Though Eastern Bluebird songs and calls may appear simple, recent study revealed that, among adult males in the same area, calls and songs vary greatly  even within the same individual. Bluebirds have a relatively large repertoire of soft and loud songs and calls.

Eastern Bluebirds are “classically” socially monogamous. Rarely, they also nest in socially polygynous and socially polyandrous associations and, just as rarely, as cooperative breeders in which adult offspring “help” their parents raise broods. They were the first socially monogamous bird species to be discovered to have females that mate with more than one male, resulting in extra-pair paternity, which means that males often care for offspring not genetically their own -- emphasizing a conundrum for evolutionary biologists who predicted that males should defend their genetic paternity. Conspecific nest parasitism, in which females lay eggs in other females’ nests, also occurs, so that even females are sometimes caring for offspring not theirs.

Despite having once been called the “North American example of pacific family life,” and despite their reputation for being “sweet”, they are in fact pugnacious defenders of territories, mates, and nests against interspecific and conspecific competitors. They contend with other species and with each other over access to nesting cavities. Not only males but also females fight among themselves, and sometimes females wound and kill each other over access to nesting sites. Nevertheless, male aggression against females is ecologically contingent, rare in most situations.

Fledgling behavior -- behavior of birds from the time of nest leaving until the post-juvenile molt -- is relatively poorly known. Of interest are questions about sibling interactions by sex and age during this period, juvenile flock formation dynamics, and hallmarks of the development of foraging competence, and behavior associated with emigration.

Natal and breeding dispersal patterns in S. Carolina and Georgia are well described. It is now known how far individuals typically move.
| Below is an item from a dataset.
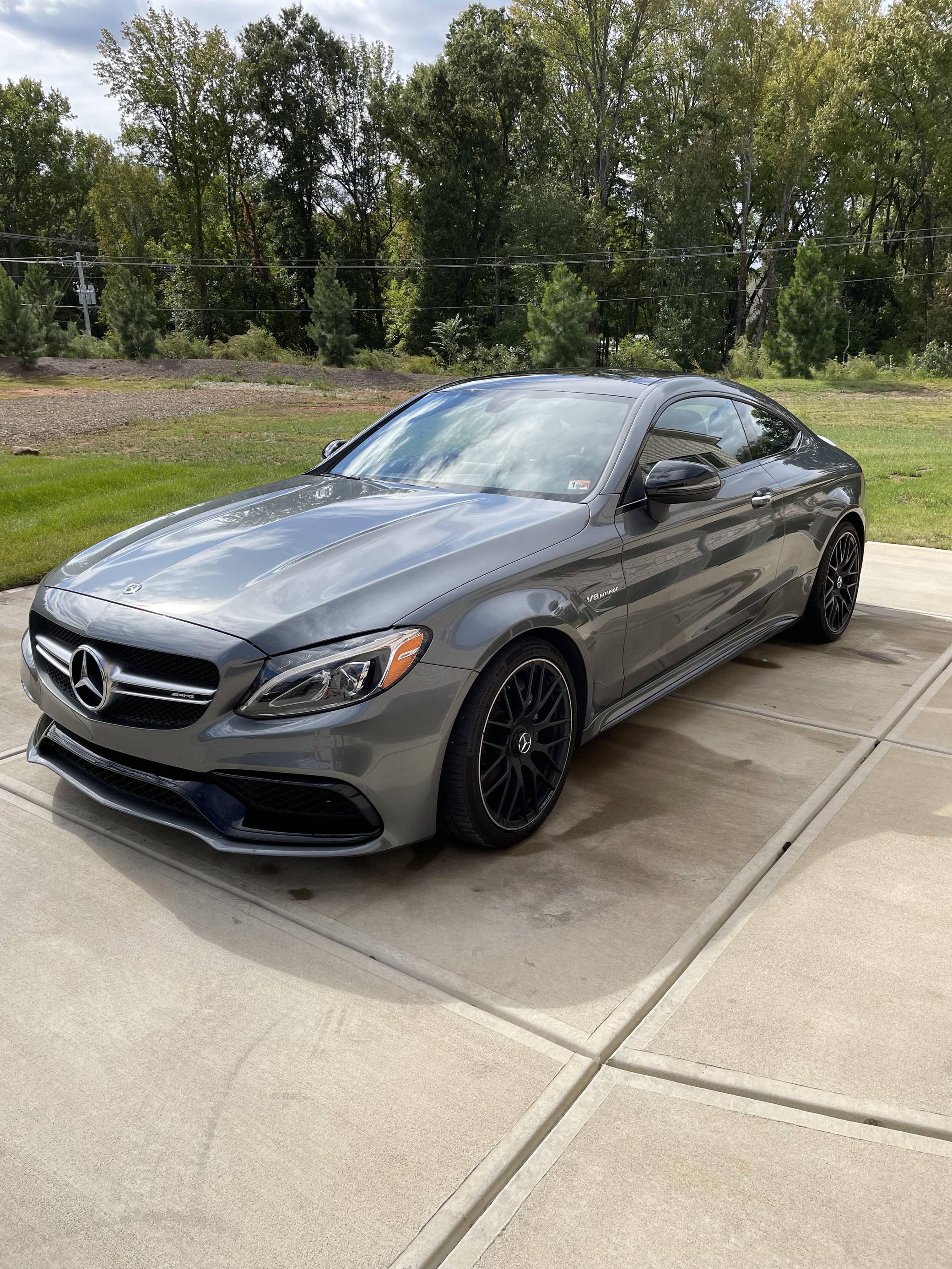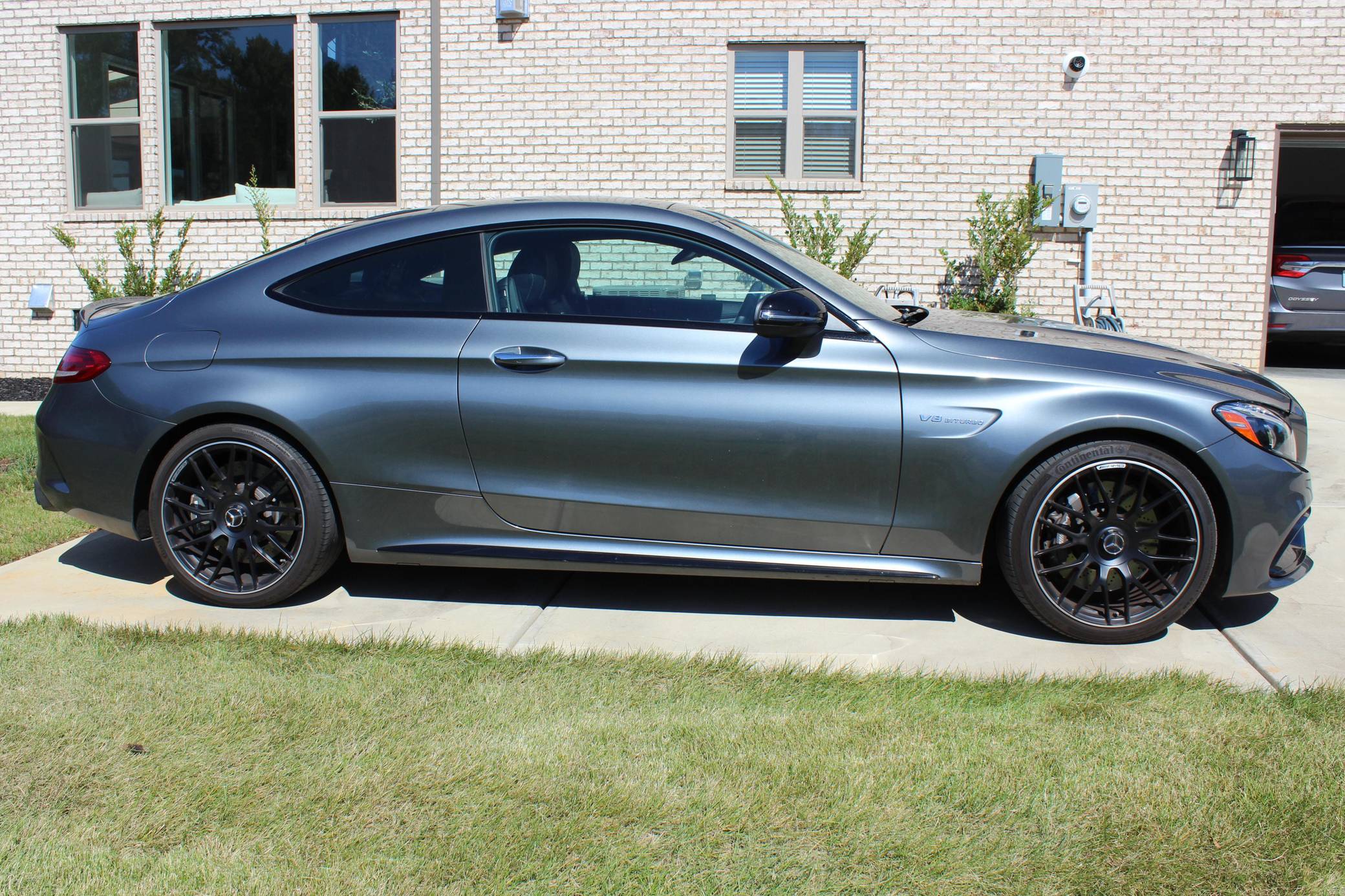 THIS. . . is a 2018 Mercedes-AMG C63 Coupe, finished in Selenite Gray Metallic with a black interior. This coupe's odometer displays about 21,500 miles. Factory equipment includes the Premium and Night packages, 19-inch wheels, the AMG Ride Control suspension system, a limited-slip differential, a glass sunroof, wood interior trim, MB-Tex and Dinamica upholstery, heated and power-adjustable front seats, and the COMAND infotainment system. This C63's build sheet is pictured in the gallery, and the seller reports no modifications. Mercedes-AMG introduced the W205-based C63 for the 2015 model year, shortly after it morphed into a sub-brand within Mercedes-Benz. Offered as a sedan, a coupe, and a convertible, the C63 surfed the downsizing wave sweeping across the industry by trading displacement for forced induction, yet it was quicker and sharper to drive than its predecessor. Production ended in 2021, and Mercedes-AMG has confirmed that it won't build another V8-powered C63. Power comes from a 4. 0-liter twin-turbocharged V8, rated at 469 horsepower and 479 lb-ft of torque. Called "M177" internally, it spins the rear wheels via a 7-speed automatic transmission.

What remains entirely unknown is what happens along the way from one site to another during dispersal events.

Few demographic summaries of individually identifiable birds are available in the reviewed literature, suggesting that banders who have detailed, systematic and controlled observations of individuals should be encouraged to publish. Fitness is a relative concept and thus studies of adaptive significance should be in the context of local demography, including variation in lifespan. Predictions of new models of how stochastic demography affect adaptive mating decisions (e.g., (Gowaty and Hubbell 2009) would be ideally tested in bluebirds.

Experimental studies of female mate preferences failed to identify the basis for female choice of male bluebirds, suggesting that something may be left out of general models of pairing and mating. Migratory behavior, as distinct from dispersal behavior, also remains poorly studied. As the technologies for marking and remote sensing of individuals are becoming more refined and affordable, Eastern Bluebirds will be good candidates for range-wide study of the timing and extent of migratory movements as a function of environmental inducers.

An emerging hallmark of bluebird biology, recognized even by the earliest observers, is a remarkable level of individual variation in morphology and behavior both within and between populations, as well as data indicating that bluebirds make flexible and adaptive decisions to use or not use nest boxes of different qualities or history -- showing that ecological and social contingencies matter to what bluebirds do. Given such known variability among individuals, a comprehensive view of bluebird ecology, demography, and behavior demands study of bluebirds in natural, perhaps ancestral habitats such as longleaf pine forests of the se. USA and in understudied regions in their range (e.g., Mexico, Guatemala, and other areas in Central America).